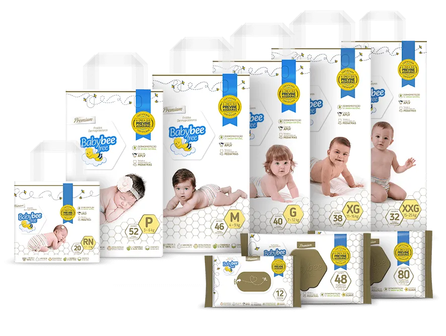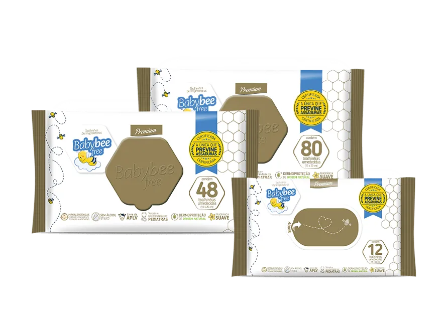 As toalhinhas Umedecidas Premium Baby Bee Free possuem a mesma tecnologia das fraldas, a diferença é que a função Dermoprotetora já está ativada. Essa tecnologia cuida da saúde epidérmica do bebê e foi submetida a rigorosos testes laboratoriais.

---

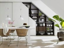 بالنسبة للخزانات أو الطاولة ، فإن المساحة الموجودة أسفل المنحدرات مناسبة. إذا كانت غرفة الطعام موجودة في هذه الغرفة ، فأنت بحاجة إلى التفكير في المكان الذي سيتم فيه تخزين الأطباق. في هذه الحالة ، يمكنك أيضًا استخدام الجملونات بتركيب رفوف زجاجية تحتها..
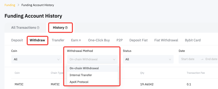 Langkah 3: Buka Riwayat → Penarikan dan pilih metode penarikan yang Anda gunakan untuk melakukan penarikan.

_WHAT YOU WILL DO_
Given the listing above, repeat exactly the lines starting at the one with "بالنسبة للخزانات أو" and ending at the one with "Langkah 3: Buka", inclusive, excluding pictures.

_OUTPUT OF THE EXERCISE_
 بالنسبة للخزانات أو الطاولة ، فإن المساحة الموجودة أسفل المنحدرات مناسبة. إذا كانت غرفة الطعام موجودة في هذه الغرفة ، فأنت بحاجة إلى التفكير في المكان الذي سيتم فيه تخزين الأطباق. في هذه الحالة ، يمكنك أيضًا استخدام الجملونات بتركيب رفوف زجاجية تحتها..
 Langkah 3: Buka Riwayat → Penarikan dan pilih metode penarikan yang Anda gunakan untuk melakukan penarikan.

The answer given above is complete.